On 18/04/2010 17:04, Lou Burnard wrote:
> As you say, the fact that a cell in the spreadsheet was left blank might
> mean that the age was unknown, or that the person entering it forgot to
> enter it, but the distinction seems unimportant.
But you see, it's important to me. I want to take my spreadsheet data
source at its word but make it clear in my XML that data was not given
in the source. That is, it should be clear that the data really is
unknown, not that there was an oversight in the spreadsheet-to-Excel
process that led to some data being omitted.
> Either way when I copy
> it into the text I can write "No value supplied" with a clean
> conscience. Either way I can encode (sensu strictu) its significance any
> way I like (-1 or 0 or 9999)
The age example is once again proving not to be a good one.
Let's use <occupation> instead.
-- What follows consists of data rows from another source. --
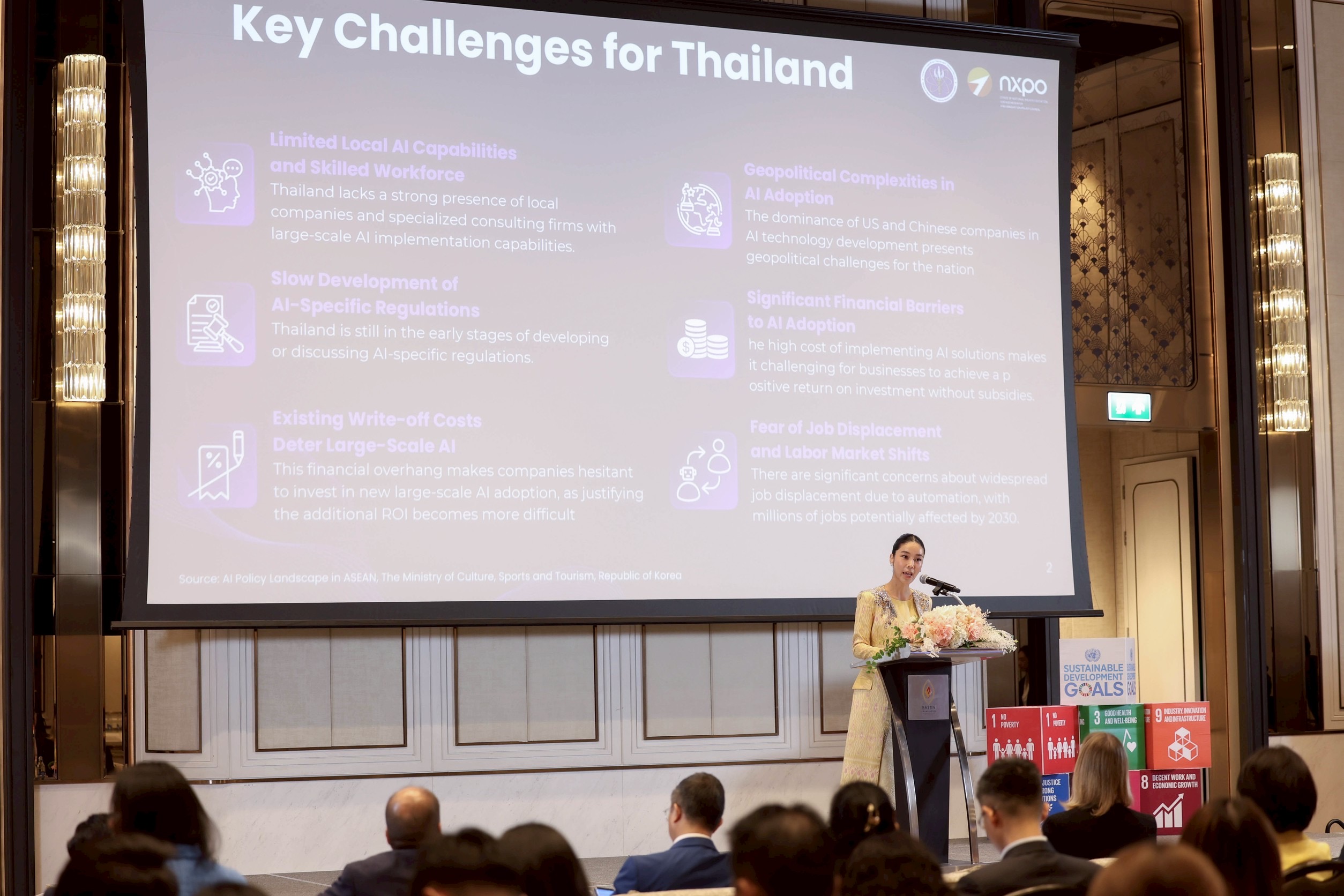 นางสาวสุชาดา กล่าวถึง “ระบบการศึกษาในยุค AI ของไทย” ว่า ประเทศไทยกำลังเผชิญความท้าทายหลายด้านในการเข้าสู่ AI โดยเฉพาะปัญหาการขาดแคลนบุคลากรท้องถิ่นที่มีทักษะด้าน AI การพัฒนากฎระเบียบที่ล่าช้า ต้นทุนในการนำ AI ขนาดใหญ่มาใช้ที่ยังไม่คุ้มค่า รวมถึงบริบททางภูมิรัฐศาสตร์ที่การครองเทคโนโลยีเป็นของสหรัฐอเมริกาและจีน ขณะเดียวกันยังมีความกังวลเรื่องการสูญเสียงานจากระบบอัตโนมัติ โดยข้อมูลระบุว่าในช่วงปี 2025–2030 กลุ่มอาชีพที่เติบโตเร็วที่สุด ได้แก่ นักวิเคราะห์ข้อมูลขนาดใหญ่ วิศวกร AI และวิศวกรการเรียนรู้ของเครื่องจักร นักพัฒนาซอฟต์แวร์และแอปพลิเคชัน นักวิเคราะห์ความปลอดภัยทางไซเบอร์ และวิศวกรด้านพลังงานหมุนเวียน ส่วนอาชีพที่มีแนวโน้มลดลงอย่างรวดเร็ว ได้แก่ พนักงานธนาคาร พนักงานบัญชี คอลเซ็นเตอร์ แคชเชียร์ และพนักงานบริการหน้าร้าน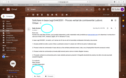 Ca jurnalist, în 30 mai 2020, ora 16.35, am făcut următoarea solicitare de informații publice: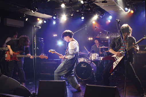 トップバッターは印象的な名前がまず気になる4人組バンド、まぜたらうまい。贅肉を削ぎ落したソリッドな3拍子で始まった彼らのステージは爆発力のある演奏で荒々しく、時にダークな曲調でメランコリックな空気も漂わせる。その混然一体となったサウンドが大きな波のように会場に放たれるので、次の展開が全く予想できない。そんな楽曲が性急に打ち出されていく、ピリリと張り詰めた緊張感溢れるライブだった。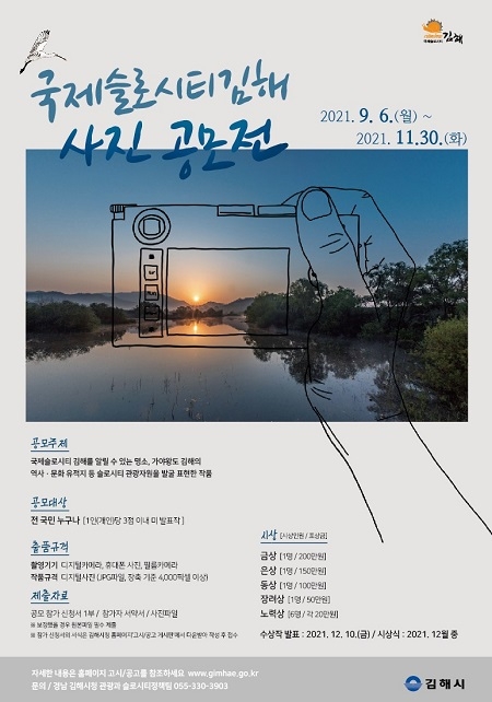 시 관계자는 “김해는 우리나라 최초의 도시형 슬로시티로서 지역경제, 자연, 역사문화, 사람의 조화로움을 추구한다”며 “이러한 국제슬로시티 김해의 매력을 알릴 수 있는 유익한 사진들이 많이 접수되기를 바란다”고 말했다.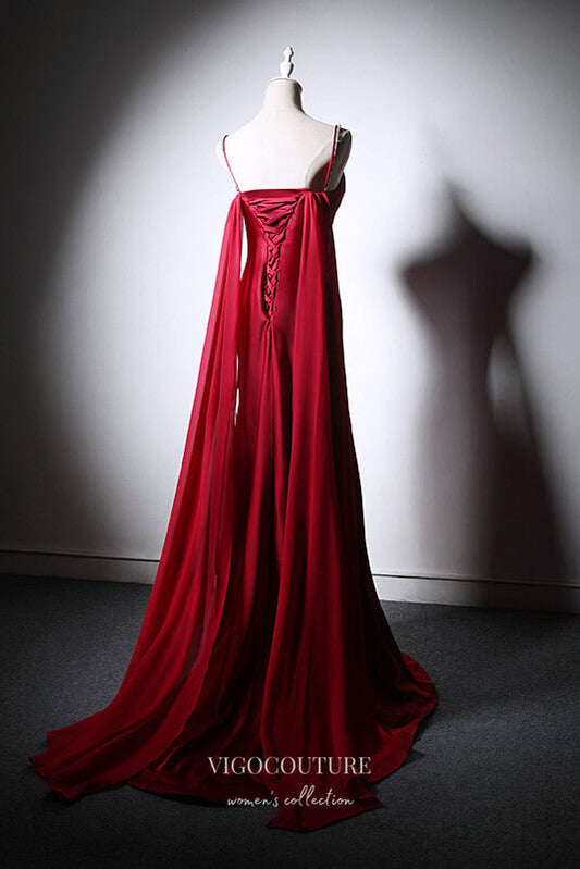 Vestido de fiesta de sirena en satén burdeos con tirantes finos y un escote en V espectacular 22233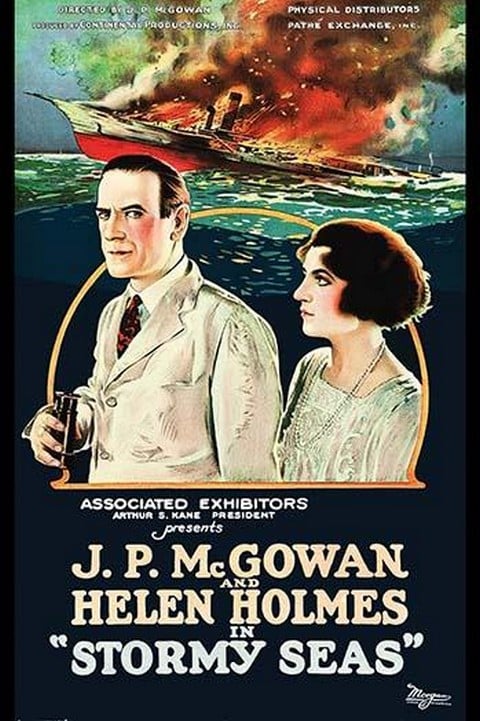 Ship aflame in background, man and woman in cartouche in foreground-man holds binoculars1923/USA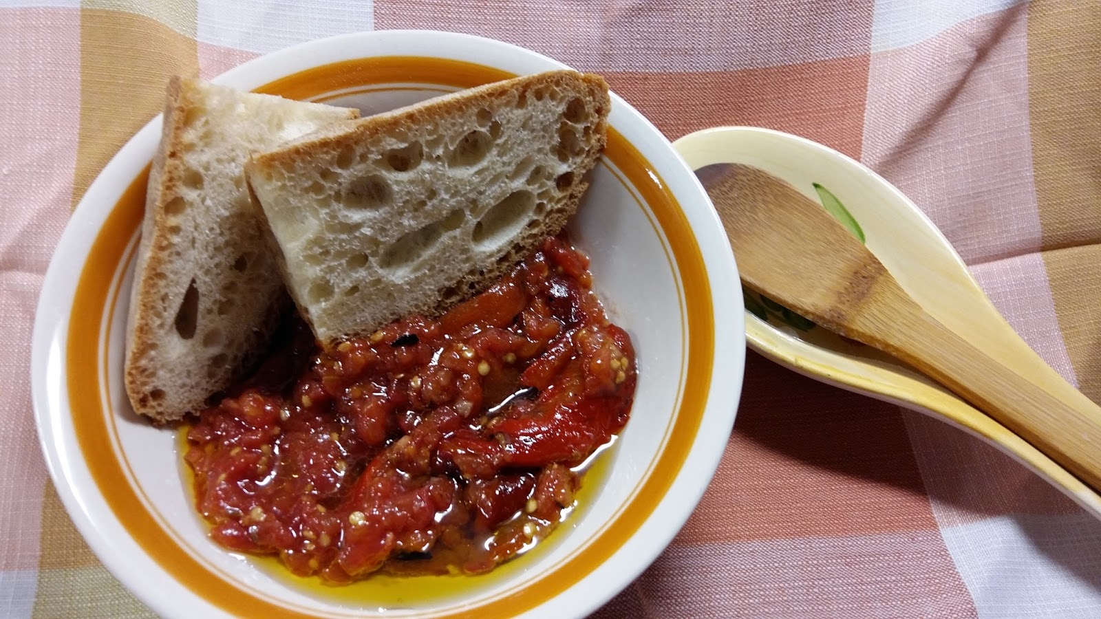 Para preparar el tomate frito, debemos pelar los tomates (que si son del tipo pera mejor) y los cortamos a cuadraditos bien pequeños, a continuación los ponemos en una sartén a «feir», pero sin nada de aceite, deben cocer durante almenos 20 minutos hasta que se haya consumido todo el jugo, pero vigilando que no se quemen. Dejamos enfriar y reservamos.

I would like a way of encoding
No value supplied
No value supplied.
unstated
(unstated)
unknown
or any other natural-language human-readable string in a way that makes
these all equivalent. Something like
<occupation unknown="y">
This would make it more likely the data could be mined more accurately
within a project and especially across projects using TEI encoding.
In the meantime, I'm going to stick in XML comments as placeholders --
something like:
<!-- <occupation> unspecified -->
--Kevin
|